Tools used in this project
TechCorp Employee Insights & Analysis

About this project

INTRODUCTION:

In the dynamic landscape of modern businesses, data-driven decision-making has emerged as a crucial strategy for growth and sustainability. TechCorp, a pioneering technology company, recognizes the power of data in shaping its workforce dynamics. To gain deeper insights into its employee landscape, TechCorp embarked on an in-depth analysis of its employee data. This endeavor aimed to uncover trends, patterns, and key metrics that could guide strategic decisions and foster a more engaging and productive work environment. By delving into the nuances of its workforce, TechCorp sought to answer critical questions about retention, diversity, and performance.

PROBLEM STATEMENT:

As TechCorp continues to navigate the competitive tech industry, optimizing its workforce composition and retention strategies has become paramount. The company is confronted with questions regarding employee turnover, demographic representation, and the overall impact of these factors on its growth trajectory. To address these challenges, TechCorp undertook a comprehensive analysis of its employee data. The goal was to uncover underlying patterns that could shed light on the optimal strategies for enhancing employee satisfaction, reducing attrition, and harnessing the potential of its diverse talent pool. By leveraging data-driven insights, TechCorp aims to proactively shape its workforce dynamics and create an environment that nurtures longevity, diversity, and performance. The findings derived from this analysis serve as a compass for TechCorp's strategic decisions, enabling the company to chart a course towards sustained success.


DATASET:

The dataset consists of the following columns:

id: Employee ID.

first_name: First name of the employee.

last_name: Last name of the employee.

birthdate: Date of birth of the employee.
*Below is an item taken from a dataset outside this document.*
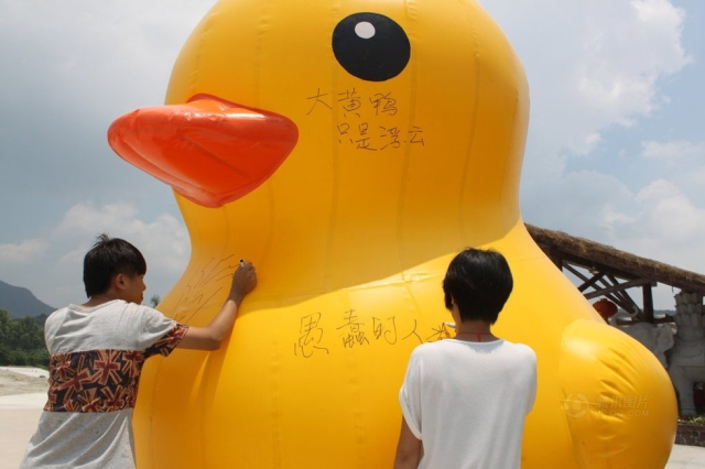 5月30日,广东佛山,游客在高3米的大黄鸭身上写字、涂鸦。这段时间,旅游界有两件事很热门: 大黄鸭与“到此一游”。针对这两大热门事件,高明九寨水城的大黄鸭决定“献身”给喜欢涂画与刻字的游客。摄影:叶爱群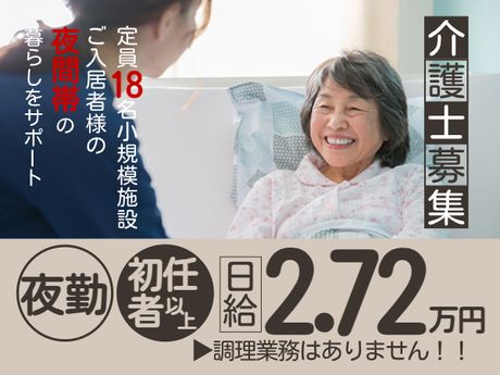 仕事内容 ■グループホームにおける夜勤専従介護業務全般 ※入居者様と一緒に食事の準備や、食事、掃除などを行い、日常生活のお手伝い ※入居者様ができることはご自身でされます ※どうしても手助けが必要な時だけサポートします ※調理業務はありません <主な業務> ■身体介助(食事/排泄介助) ■生活介助(居室清掃、洗濯) ■夜間時の安否確認 ■介護記録作成(パソコン・手書き) <お仕事の1日のスケジュール例> 16:30~【出勤】介護記録の確認、申し送り 17:00~【夕食】食事介助、見守り、服薬介助など 20:00~【就寝介助】トイレ誘導、更衣、臥床などの 21:00~【巡回業務】夜間の見回り、安否確認 00:00~【巡回業務】 環境整備、パット交換、体位交換 05:00~【巡回業務】早朝の見回り、コール対応 07:00~【起床介助】更衣、整容、フロアへの誘導など 07:30~【朝食】食事介助、服薬介助、口腔ケアなど ~09:30【退勤】介護記録作成、ごみ捨て、申し送り、退勤 <派遣先> 2ユニット定員18名グループホーム <新型コロナウイルス感染防止対策実施> マスク着用での勤務、アルコール消毒液完備などの感染対策をし、利用者様もスタッフも守れるよう体制を整えています。 <受動喫煙対策> あり(屋内禁煙) ここがポイント ■日給2万7200円(初任者研修以上) ■16:30~翌9:30(実働16時間)勤務 ■週2回勤務よりご相談ください ■調理業務はありません ■介護記録は、パソコンと手書き ■2ユニット定員18名グループホーム ■最寄駅より徒歩5分! ■バイク、車通勤可能

gender: Gender of the employee (e.g., male or female).

race: Race/ethnicity of the employee.

department: The department in which the employee works.

jobtitle: Job title of the employee.

location: General location of the employee (e.g., office branch).

hire_date: Date when the employee was hired.

termdate: Date when the employee's employment was terminated (if applicable).

location_city: City of the employee's location.

location_state: State of the employee's location.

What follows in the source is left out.